"He doesn't smell right!" he exclaimed. "He isn't a rabbit at all! He isn't real!" "I am Real!" said the little Rabbit. "I am Real! The Boy said so!" And he nearly began to cry.
Yesterday I saw a production of the children’s classic, The Velveteen Rabbit. The story is about a little stuffed bunny’s relationship with a young boy, and the soft toy’s desire to be a “real” rabbit. After much time, the velveteen rabbit does become real in the boy’s eyes. At the end of the story, a fairy gets involved and the rabbit becomes really real, and goes to play with the other bunnies in the woods. The particular theatrical version I saw opened with something wonderful like, “realness isn’t how you look, it’s something you hold in your heart”. It got me wondering, what does it mean to be real?

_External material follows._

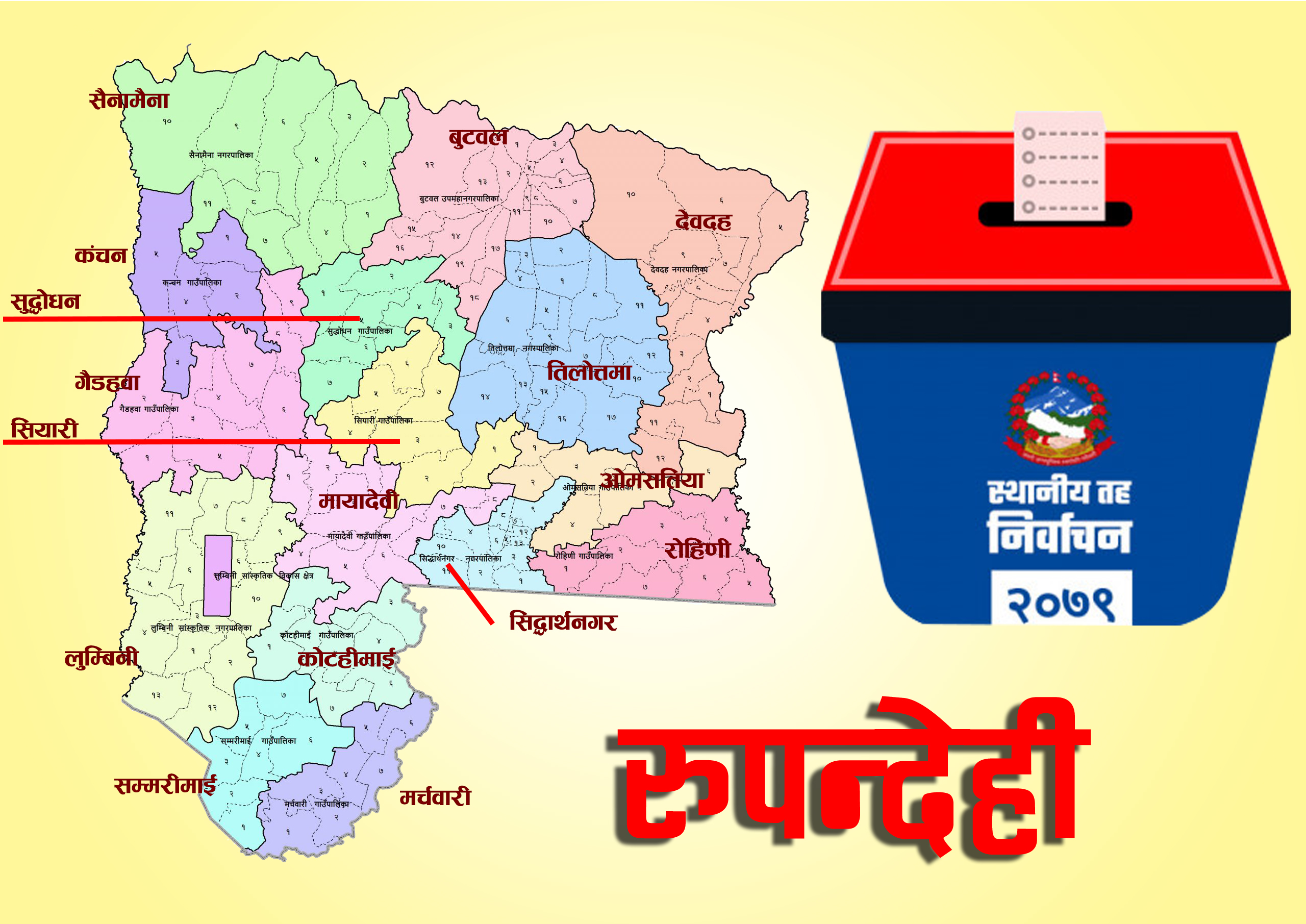 त्यसैगरी, ओमसतियाबाट ३ जना अध्यक्षसहित २३ जनाले उम्मेदवारी फिर्ता लिएका छन । कंचनबाट ३ जना, कोटहीमाईबाट ५ जनाले, गैडहवाबाट २ जना, तिलोत्तमाबाट ९ जना र देवदहबाट १४ जनाले उम्मेदवारी फिर्ता लिएका छन ।

The other reference to “realness” that came to mind (apart from Pinocchio), was Jennie Livingston’s documentary Paris is Burning. Set in New York in the late 1980s, the film explores the world of underground drag-ball culture. At these balls, gay men and trans* folk (of predominately African American and Hispanic backgrounds), would compete performing various categories of “drag”. Several categories necessitated the effective portrayal of “realness”– for example, Butch-Queen realness was judged on whether the competitor could pass as a heterosexual in the sub-categories of executive, thug, pretty boy, etc. Below is a clip from the film about realness:
For the participants in drag balls, demonstrating realness was a way of showing your potential, if boundaries such as race, class and gender didn’t exist. However in Bodies that Matter, Judith Butler discusses the way in which doing realness creates the boundaries of realness itself- the rules of realness are reinforced. Butler teaches us that getting real is tricky business.

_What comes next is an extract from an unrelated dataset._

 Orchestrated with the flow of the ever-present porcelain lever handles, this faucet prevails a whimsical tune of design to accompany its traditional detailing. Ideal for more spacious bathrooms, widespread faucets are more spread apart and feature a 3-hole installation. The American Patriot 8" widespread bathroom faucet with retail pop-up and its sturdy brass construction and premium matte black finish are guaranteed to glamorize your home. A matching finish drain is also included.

Aside from the drag-ball scene, the realness issue seems pervasive across so many experiences of sexuality and gender. As discussed previously, it’s easy to find oneself in a situation or community where you feel that you don’t meet the “criteria” for acceptance. The trans* community is very often subjected to the rules of realness, as this piece by Tobi Hill-Meyer reminds us (e.g. “you’re not a real transsexual woman if you don’t wear dresses and skirts all the time“).

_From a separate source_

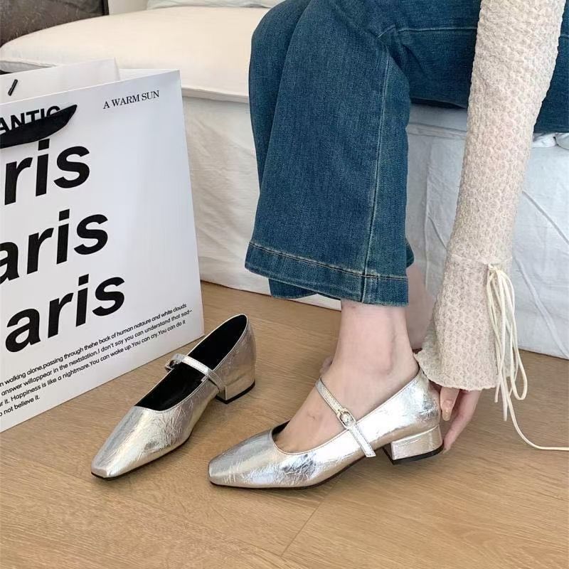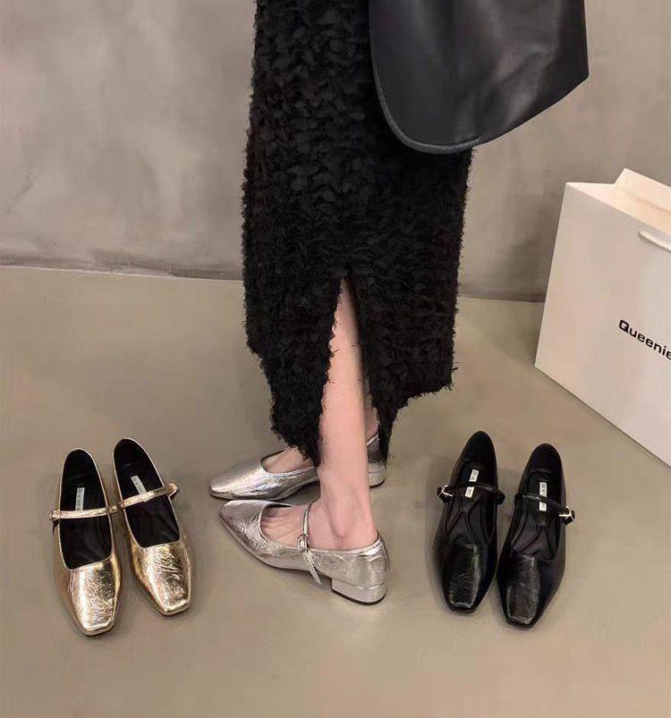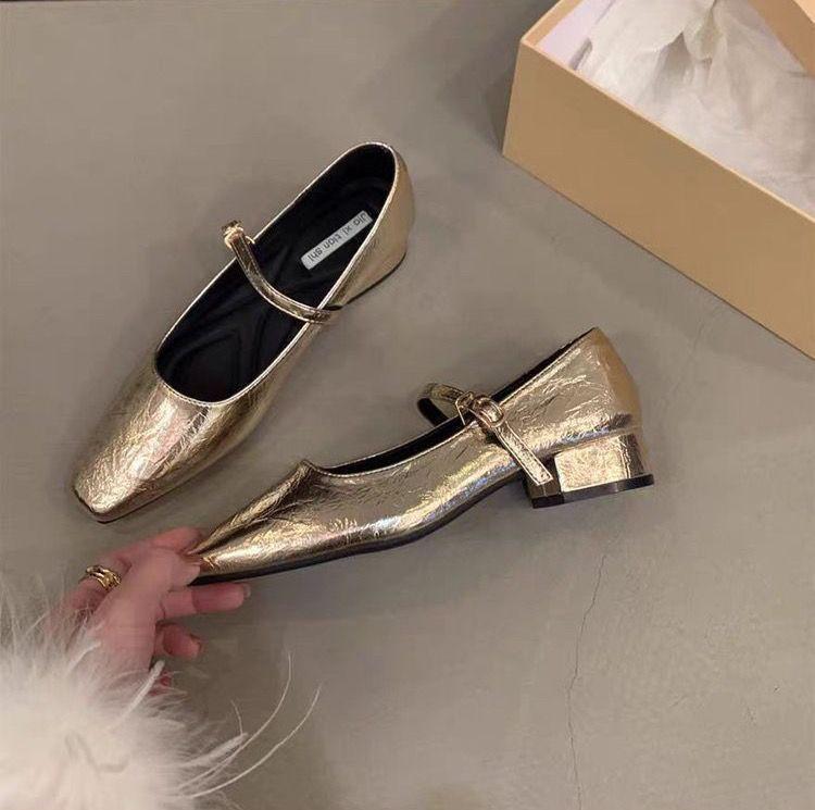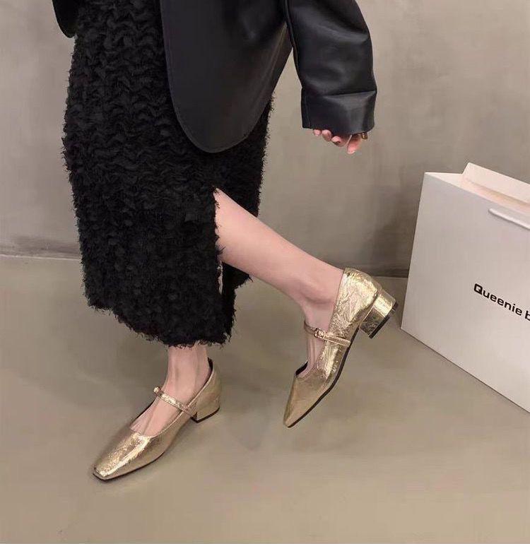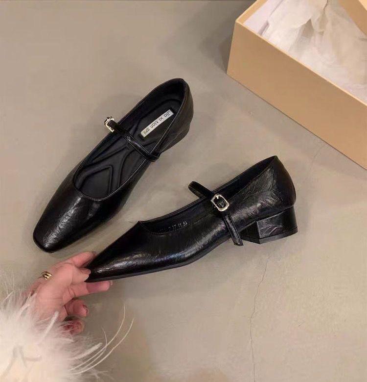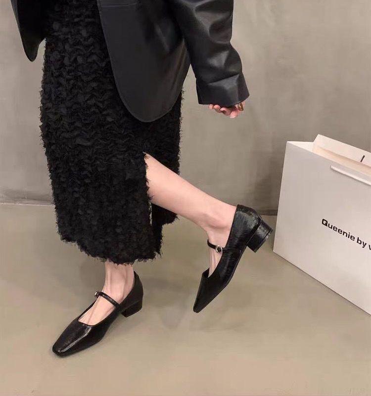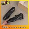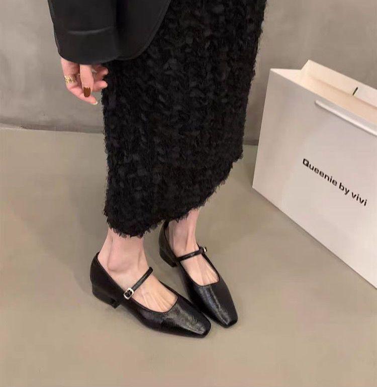 Zapatos de piel pequeños de punta cuadrada de diseño nicho francés 2025 primavera nuevos tacón bajo tacón grueso boca poco profunda Mary Jane zapatos individuales mujer

But back to Velveteen. I think we can take a lot away from this story on the subject of the real. When the rabbit encounters some “real” forest bunnies, they mock the toy for having no legs (“fancy a rabbit without hind legs!”). And while the fairy at the end assures the velveteen rabbit that for the young boy the rabbit was 100% real, she still changes the rabbit and says, “now you shall be real to everyone”. Despite this ending, when the forest bunnies tease earlier in the story, the velveteen rabbit exclaims, “I know I am Real!”. Maybe then, this little rabbit really does teach us that it’s what’s in our hearts that makes us real- despite what we look like, or what the haters say. And when the fairy transforms the rabbit into a real forest dweller (though she may be reinforcing what it means to be a real bunny), we know that actually, the velveteen rabbit was real all along.